It is a year of celebration for the Study Club as it celebrates 90 years of existence.
Celebrations kicked off in Muizenberg on Tuesday last week at the home of the club’s chairperson, Jenna Monk.
Ms Monk said the Study Club was founded in 1934 by Adeline Turner, the wife of an American businessman, as a regular get-together for the wives of diplomats.
The purpose of the club was for intellectual discussions and was later opened to university graduates looking for stimulation through study other than their field of discipline.
Members are given a year to prepare a white paper to present to the club.
In its early days, each member had to put forward two topics and the most popular topic became the following year’s subject.
Nowadays, Ms Monk said, members can choose their topics, and there have been many interesting topics of which one of late was the “history of trousers”.
Ten of the club’s 15 members attended the meeting last week where they wore white gloves and enjoyed a glass of sparkling wine.
Ms Monk had decorated her home with balloons and had put out old memorabilia on the coffee table, and one of the club’s newer members, Margaret du Toit, presented a paper on “A change is as good as a holiday – a look at the past 75 years”.

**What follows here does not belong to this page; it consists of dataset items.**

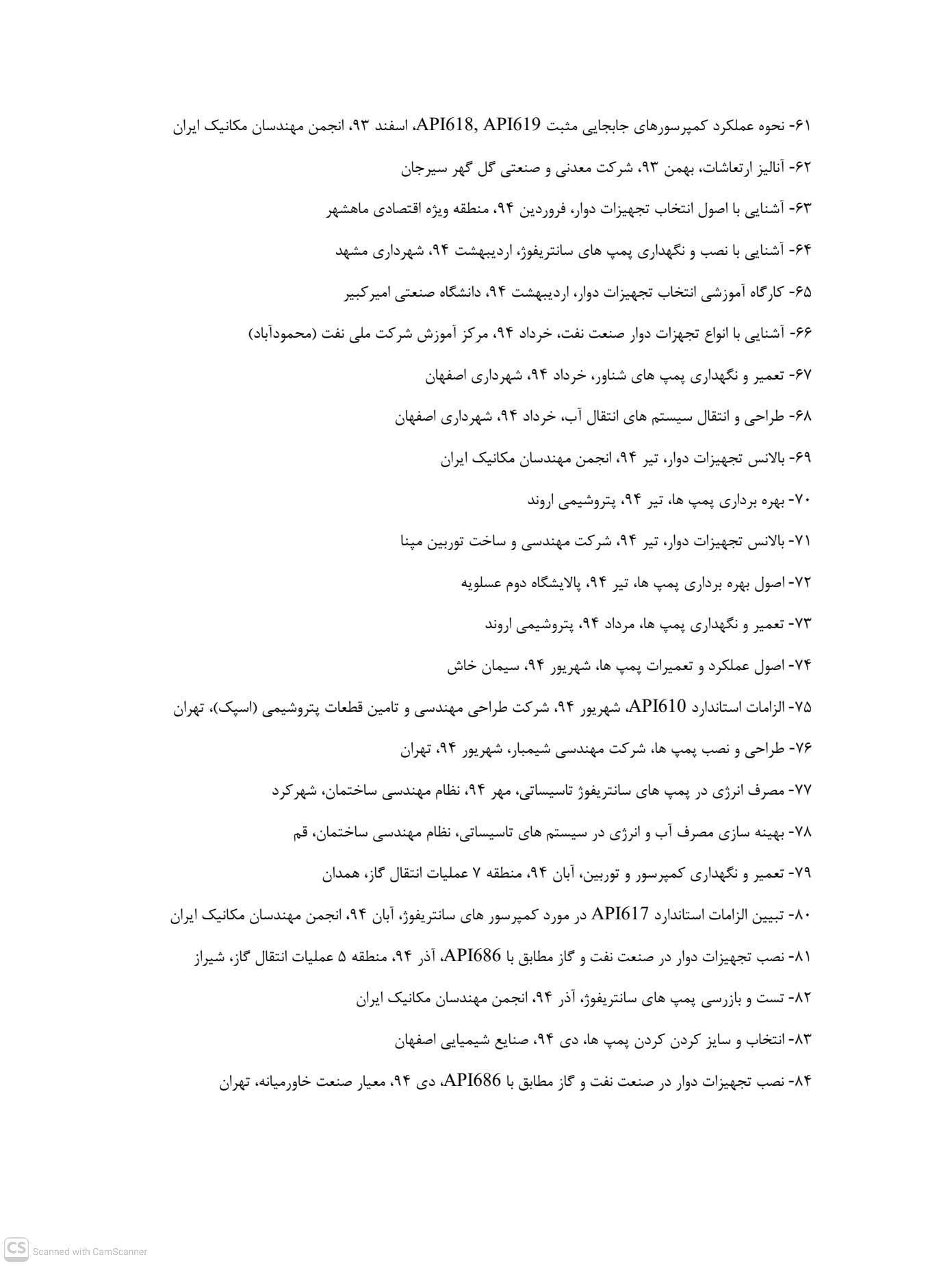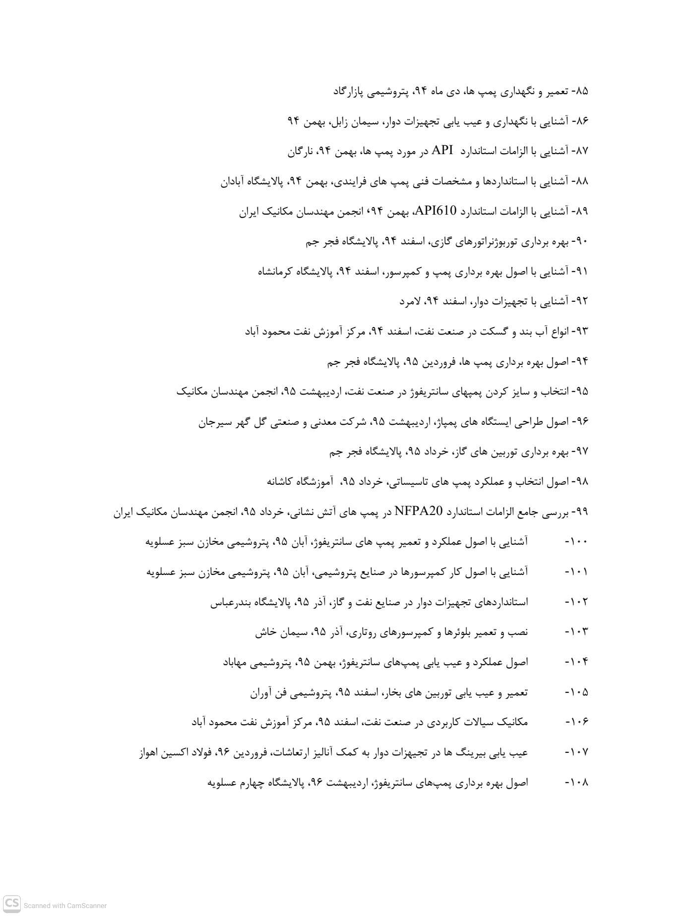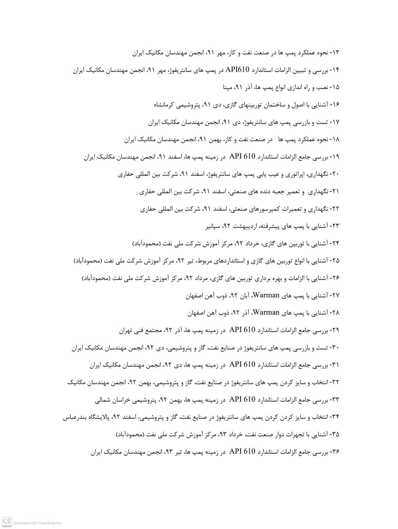 دوره های آموزشی ارائه شده توسط استاد : دکتر روح اله ترابی
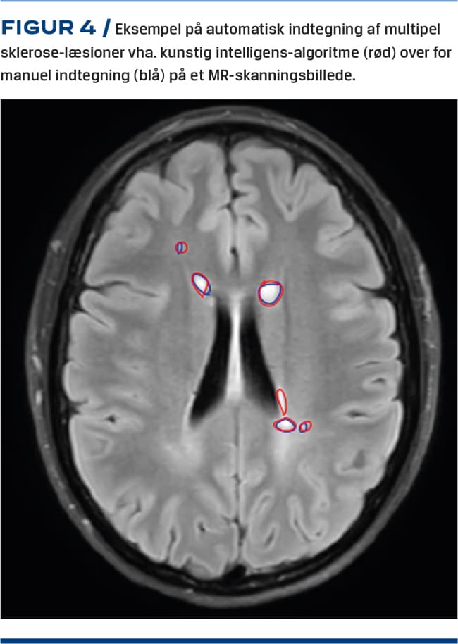 AI som beslutningsstøtte ved klinisk billeddiagnostik er under udvikling mange steder til brug ved mammografi, røntgenoptagelser af thorax samt muskel-og skeletundersøgelser i et stort EU-projekt ledet fra Bispebjerg Hospital. MR-skanning anvendes til udredning og monitorering af multipel sklerose, der manifesterer sig som små hvide læsioner på MR-skanningsbilleder. Antal og volumen af læsioner på MR-skanningsbillederne er centralt for monitorering af patienterne, som følges over år med gentagne skanninger, og man indtegner ofte disse læsioner på billederne – et arbejde, som er langsommeligt og omstændeligt. Mange arbejder med AI til automatisk løsning af denne opgave, men en metode er endnu ikke indført klinisk. Ved den internationale konference Challenge MICCAI 2017 søgte man at lave den bedst mulige algoritme til indtegning af disse læsioner på et kendt dataset [22]. Vi valgte den vindende algoritme [23], og i et masterprojekt fra DTU og KU har civilingeniør Amalie Hindsholm udviklet AI til at matche speciallægers indtegninger [24] (Figur 4). Efter en prospektiv evaluering er målet at indføre metoden som rutine.
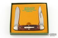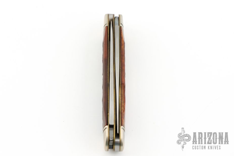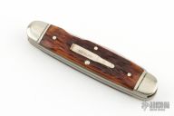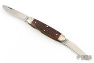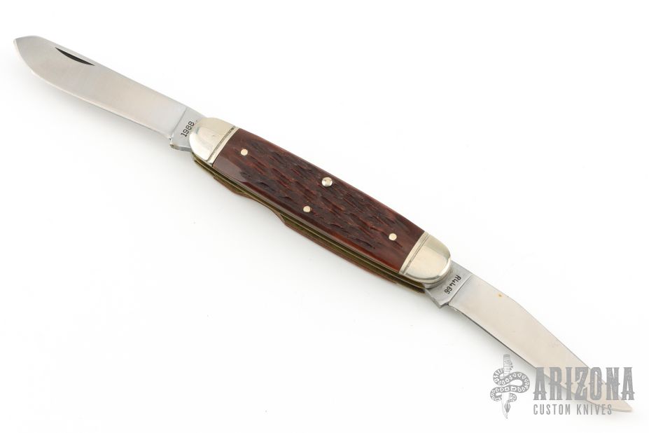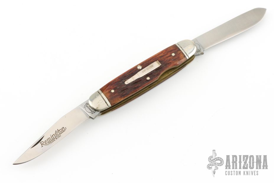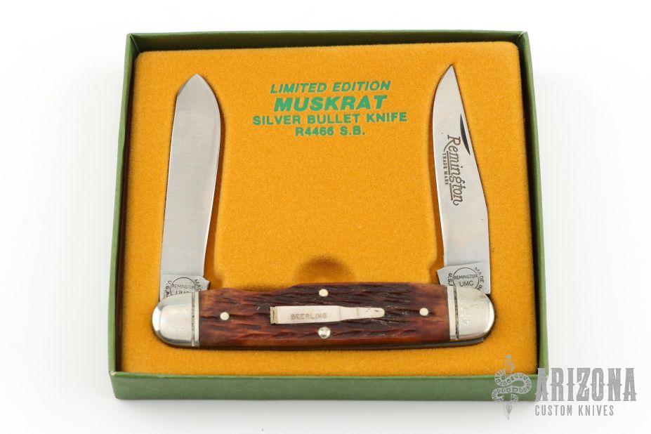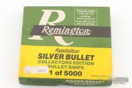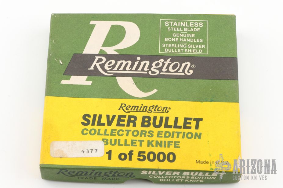 This Knife by Remmington has two satin finished blades with nail nicks. The handle has nickel silver bolsters, jigged bone covers with a sterling silver bullet escutcheon, brass liners and steel springs.  Comes with original box. Excellent condition. Dated 1988 and #4377 of 5000
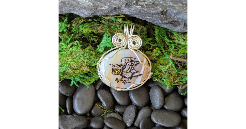 Hand Painted Pendant with Medieval Owl
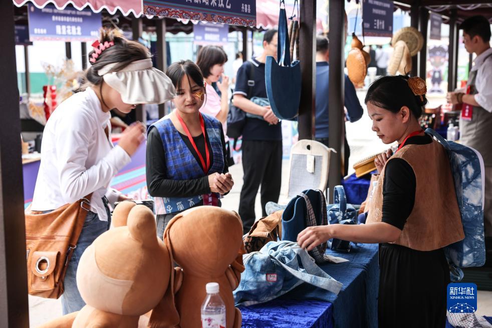 10月25日,游客在臺江縣球場(chǎng)旁的非遺集市上選購特色產(chǎn)品。
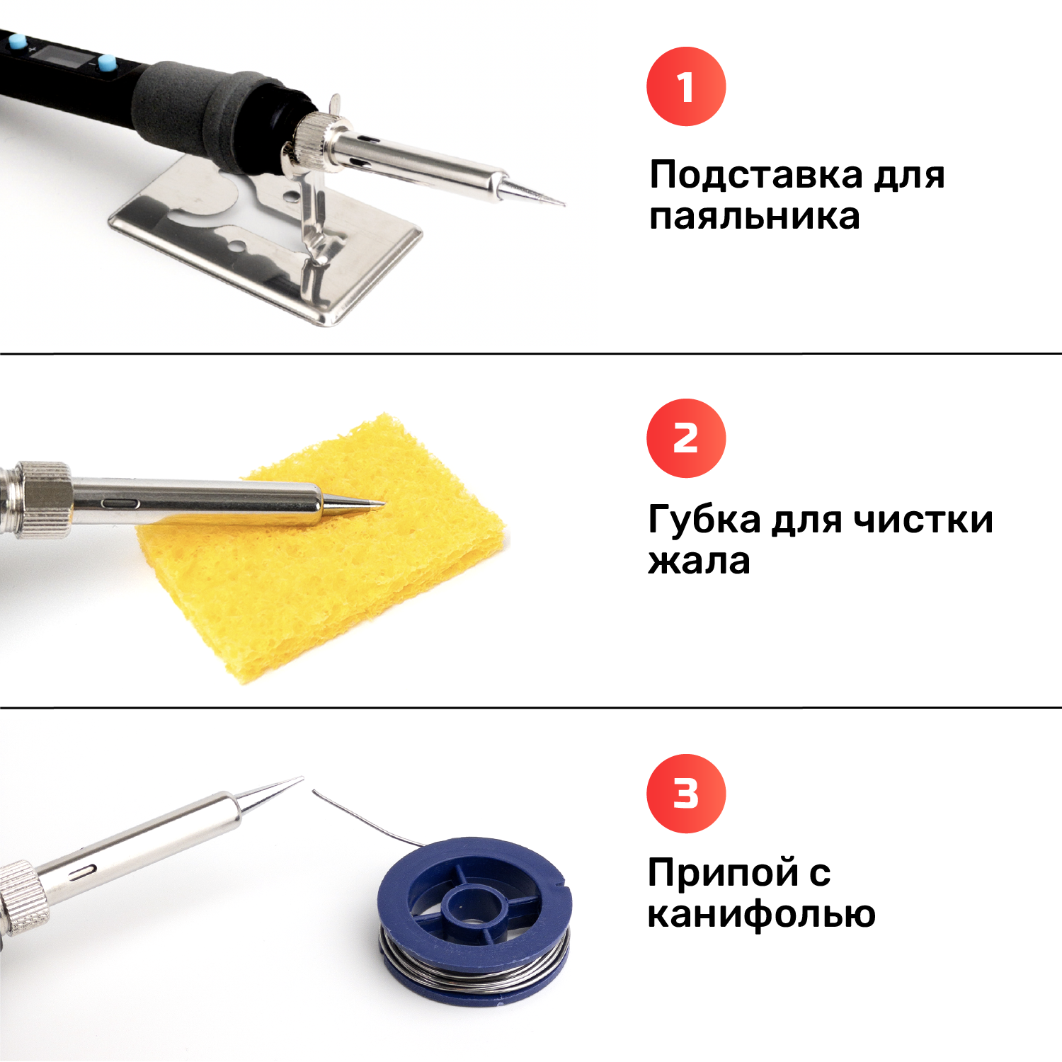| Комплектация | Паяльник 80 Вт — 1 шт. Комплект дополнительных сменных жал типа 900М — 5 шт. Подставка для пайки — 1 шт. Губка для чистки паяльника — 1 шт. Припой для пайки — 1 шт. |
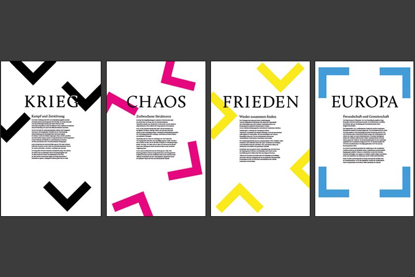 4 Winkel – im Grunde ein dekonstruiertes Hakenkreuz – sind die Basis des Gestaltugskonzeptes, kombiniert mit den Druckfarben cmyk. Je nach Kontext und Position bekommen sie eine andere Aussage. Krieg – hier fallen die schwarzen Winkel wie Bomben von oben herab. Chaos: willkürlich fliegen magentafarbene Winkel von allen Seiten her. Frieden: von außen aufeinander zu gehende gelbe Winkel finden wieder zueinander. Europa: cyanfarbene rechte Winkel geben Ordnung, ohne einzuengen.
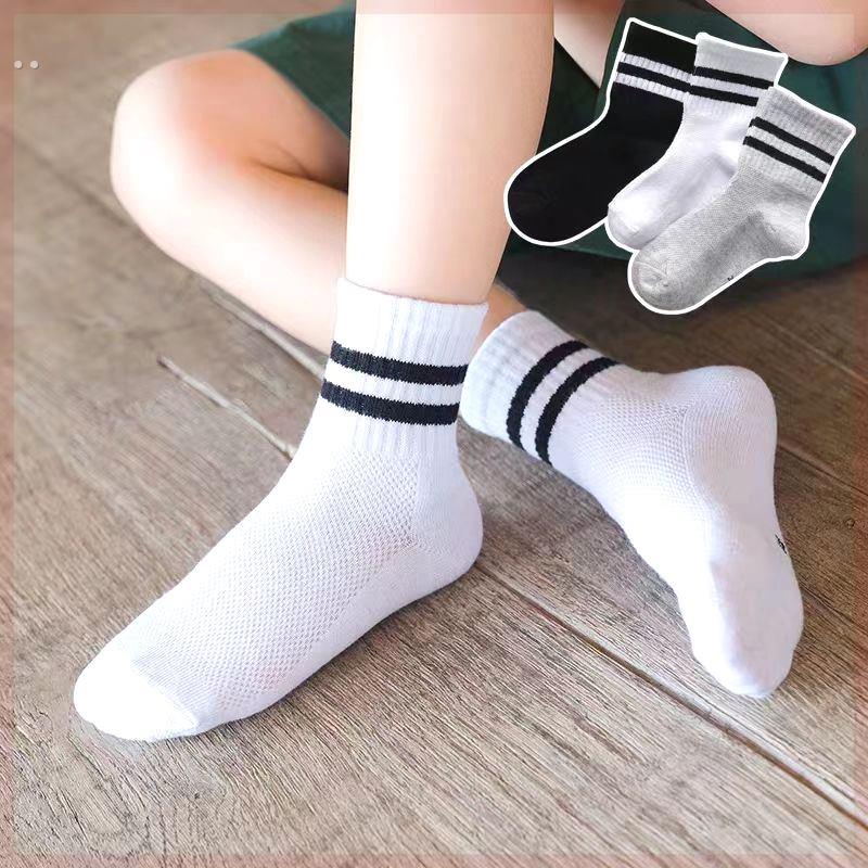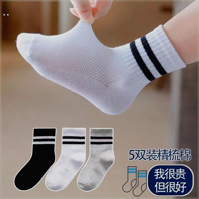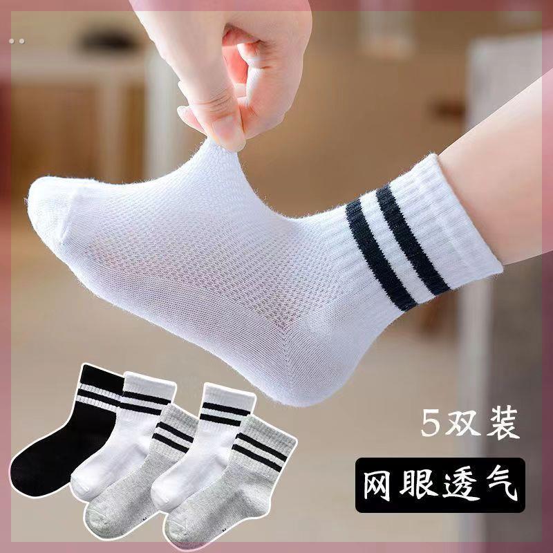儿童袜子夏天薄款纯棉中筒袜男童小童宝宝网眼运动袜学院学生袜潮
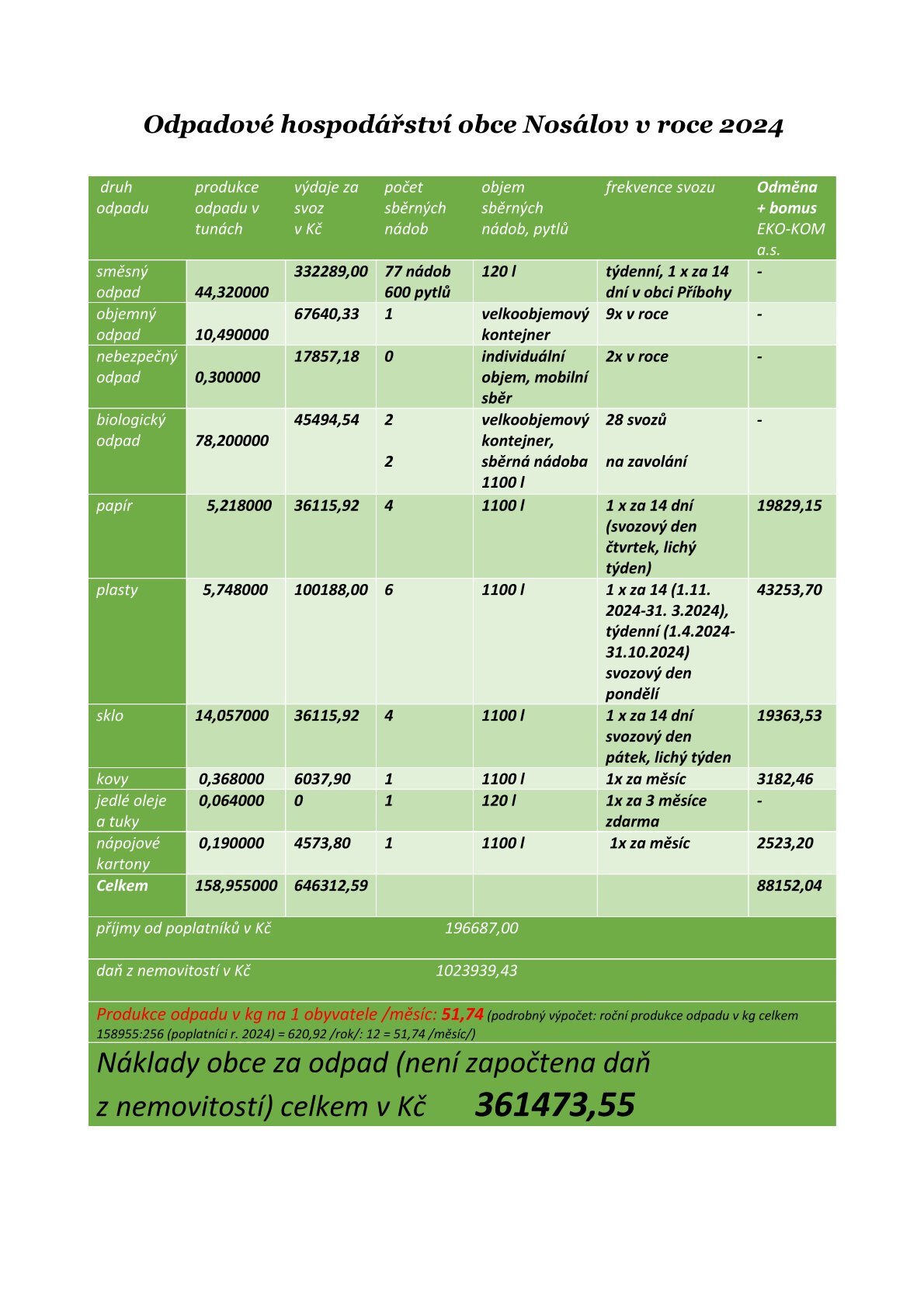 Informace o odpadovém hospodářství obce Nosálov za rok 2024
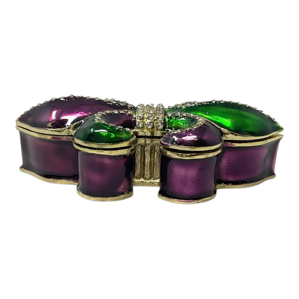 Green Purple French Fleur De Lis Jeweled Crystal Jewelry Trinket Box PRODUCT DESCRIPTION Green and Purple Fleur De Lis Trinket Box Decorated with crystals Made from a glossy enamel Approximately 1 inch tall and 3.5 inches long (3 x 9 cm) Includes original manufactures box and packaging © Copyright . All rights reserved.
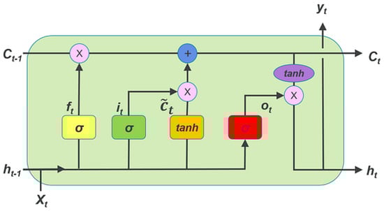 The structure of the LSTM model. The subscript “t” here represents the current time and represents the hidden state and cell state [].

Ms Monk said celebrations would take place throughout the year at the club’s various meetings.
In the early days, she said, the wearing of hats, gloves, and stockings at meetings was compulsory, and unexcused absence terminated membership.
These were two of the club’s five rules that have since been discontinued, but the other three rules remain to this day: No talks of domestics or bridge are allowed; every member has to read one paper a year; and only two items, one sweet and one savoury, are allowed at afternoon teas, which each member must host.
The club meets twice a month on a Tuesday from 2pm to 4pm and members are from Mowbray, Llandudno, Pinelands, and Muizenberg.
In 1984 the club celebrated its golden anniversary and in 2009, it celebrated its 75th anniversary with a break from tradition.
It relaxed its “no husband” tradition and spouses were invited to the November celebrations held at the home of Peter and Lynn Watkins in Hout Bay (“Gregarious grannies celebrate 75 years of study,” Sentinel News, December 4, 2009).
Club secretary Bridget Stephens, 80, said she had been a member since 2009. She had heard about the club through a friend who had been a member at the time.
She said she was working on a paper but could not reveal its title just yet.
Asked what her main source for research is, she said “Anything and everything,” adding that she had read six books for one of her papers, “Mountaineering”, which she had done many years ago.
She said the topics chosen by members “tells you a lot about them” and she loves learning new things like “there was a mini ice-age in the 16th century”.